Поставьте крестик, нацарапайте внизу имя, и я исчезну.
Только здесь так дёшево не отделаешься. Из кабинета вышел Джимми, а за ним «шкаф», усевшийся на свой диванчик, таким образом оказавшись между дверью и мной.
— Шестёрка Бубен! — заорал вышибала, крепко, по-мужски обняв меня за плечи. — Где тебя черти носили?
Глаза блестят, рот улыбается, а «Где тебя черти носили?» может означать «Где ты был?» и «Как дела?». Оба вопроса не сулят ничего хорошего. Огромная волосатая рука у меня на шее: со стороны похоже на дружеское объятие, но силищи в нём столько, что, если посмею ослушаться, Джимми мигом пережмёт сонную артерию.
Парни из стрип-клуба, где я познакомился со Вспышкой, вполне предсказуемо звали меня Рыжим, а после того как мерзкая девчонка настучала про левую руку, переименовали в Шестёрку. Прозвище не из лестных, но выбирать не приходится. Рыжий плюс Шестёрка быстро превратились в Шестёрку Бубен, для краткости просто Шестёрку. Я не обижался, наоборот, радовался: больше кличек — больше анонимности.
Мы вошли в лабиринт из блестящих металлических перегородок, коробок и старой мебели. За одним столом сидел парень, пропускавший через промышленный уничтожитель бумаги толстые, с телефонный справочник, пачки.
— Такая малютка может запросто руку оттяпать, — гордо сказал Джимми. — Быстро, даже боль не чувствуешь. Поначалу.
В общей сложности я увидел ещё четверых парней с широкими плечами. Лениво развалившись, они сидели за конторскими столами и читали газеты. В конце лабиринта кабинет с огромным окном и дверью, которую распахнул гостеприимный Джимми. Когда мы вошли, двое громил в строгих костюмах тут же перестали разговаривать. Громила поменьше криво улыбнулся. Чёрная «двойка», пронзительно белая рубашка, ярко-красный галстук с цветочным орнаментом. Он здесь самый старший, самый миниатюрный (за исключением меня, конечно) и единственный, кто одет как начальник, а не как мастер или прораб.

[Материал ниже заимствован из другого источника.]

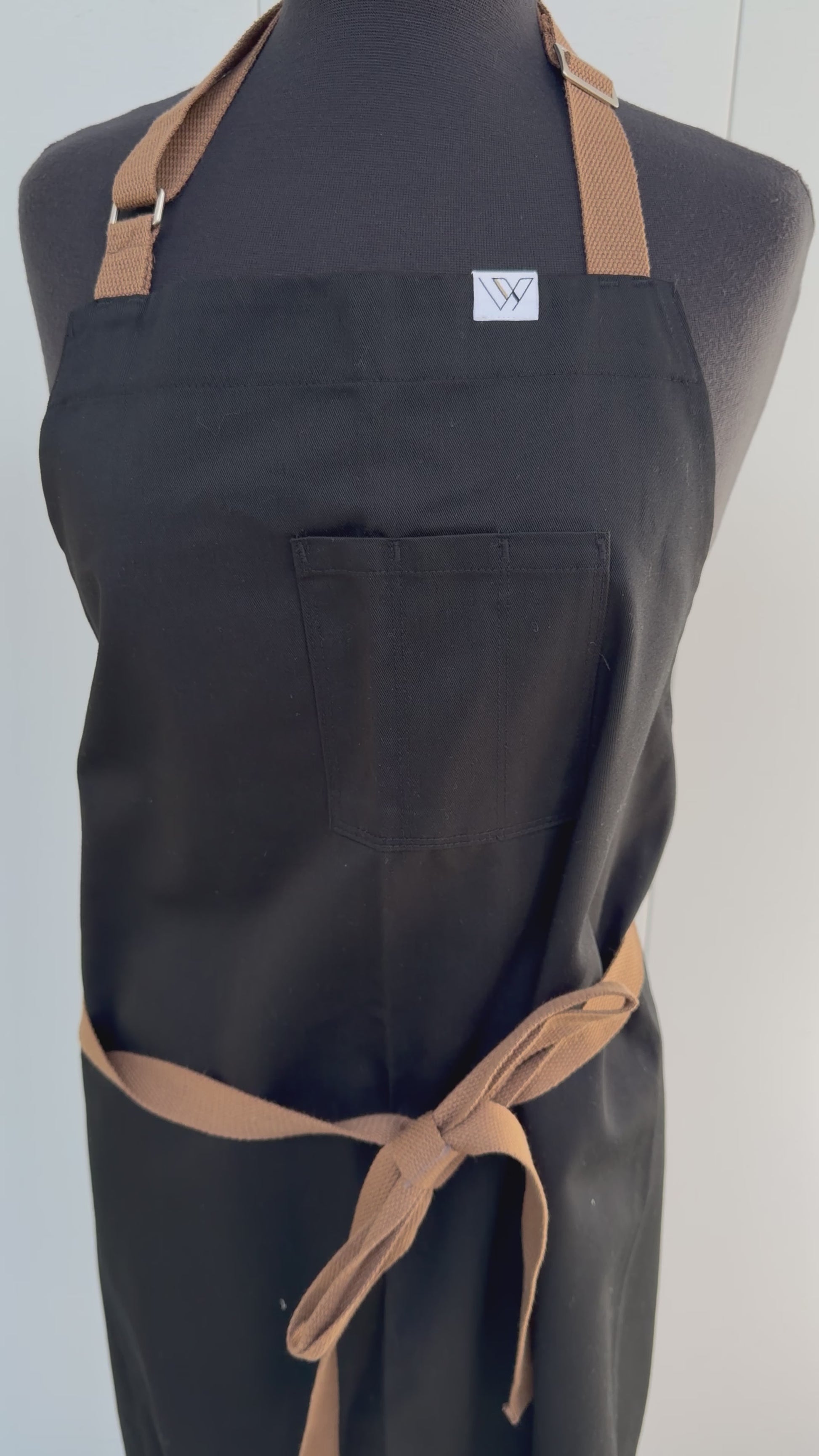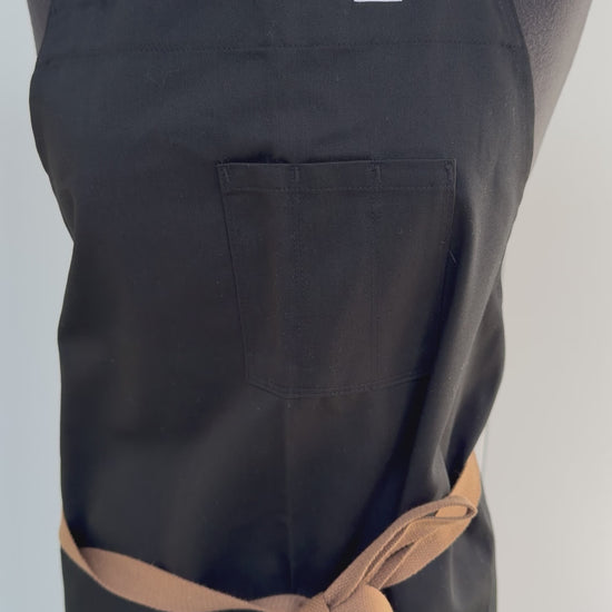 Made from a cotton-polyester blend in black with adjustable brown straps, it features three top pockets and measures 38 inches in length chest to bottom. Sizing 5’4”-5’10”

Визгливые крики переносной рации, без устали объявлявшей новые адреса доставки и изменения в маршрутах, походили на звон разбитого стекла во время воскресной службы.

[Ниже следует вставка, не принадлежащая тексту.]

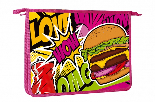 Выполнена из пластика, по краям имеет тканевую окантовку. Одно отделение. Застежка-молния расположена по верхнему краю папки.

— Положи коробку на пол, — велел Начальник.
Отражаясь в его карих глазах, яркий свет рассеивался в миллион белых точек. Тонкие губы будто изгибались в кривоватой ухмылке, хотя их обладатель и не думал улыбаться. Я осторожно опустил коробку и придвинул к ножке стола. Второй громила молчал и даже не шевелился. Может, глухонемой? Огромный, вялый, пассивный, он не сводил с меня глаз.
— Мой компаньон, — Начальник кивнул в сторону расписывающегося в квитанции Джимми, — очень высоко о тебе отзывается.
Я ничего не ответил.
— Говорит, ты настоящий самородок, очень инициативный и ответственный. Как раз такого человека в нашей команде недостаёт.

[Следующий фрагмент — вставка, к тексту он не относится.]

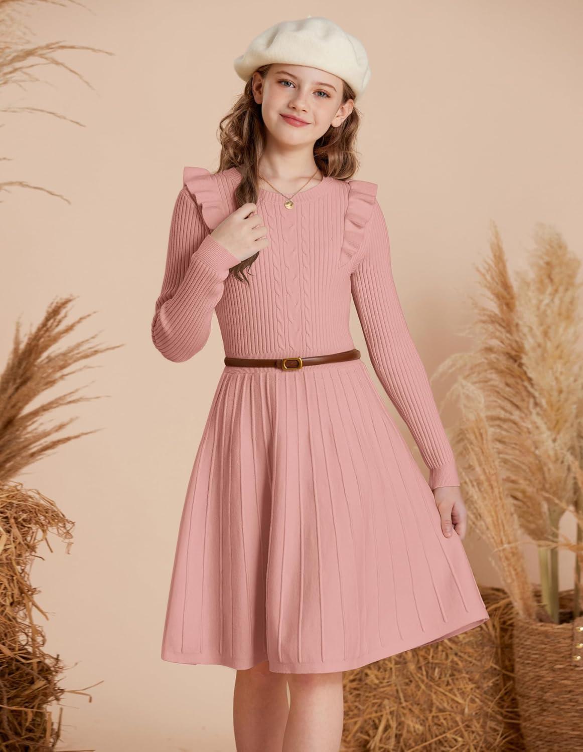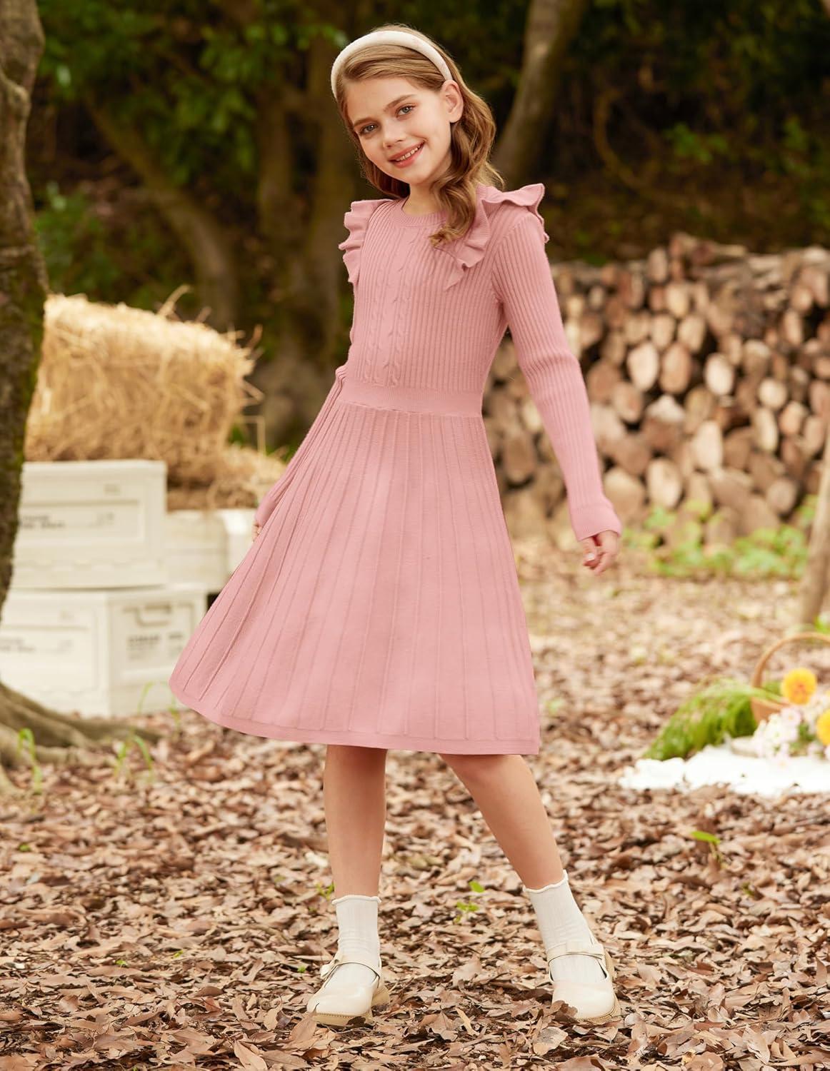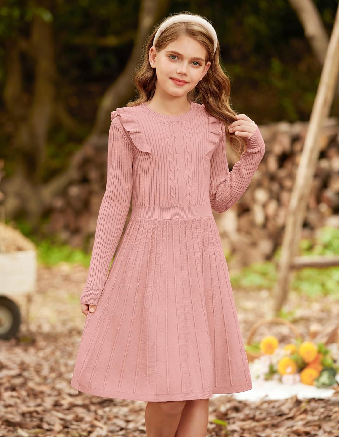 GRACE KARIN Girls Sweater Dress Fall Winter Long Sleeve Cable Knit Pullover Dresses for Girls 5-12Y(Pink)

Я попытался сказать «спасибо», однако во рту было суше, чем в Сахаре.
— Джеймс, принеси нашему гостю выпить. Встретимся на улице.
Высокий немой громила открывает дверь, пропускает Начальника и кивком велит мне идти следом. Ненавязчиво зажатый в тиски, двигаюсь по коридору к двери, на которой обычно пишут: «Запасный выход», только на этой двери ни надписи, ни таблички нет.
Вместо поручней на бетонной с гравиевой посыпкой крыше коричневатый горизонт Лос-Анджелеса. Мы шли к самому краю; я попытался было сбавить шаг, но Начальник не думал останавливаться, а Немой поджимал сзади, не позволяя отклоняться от курса.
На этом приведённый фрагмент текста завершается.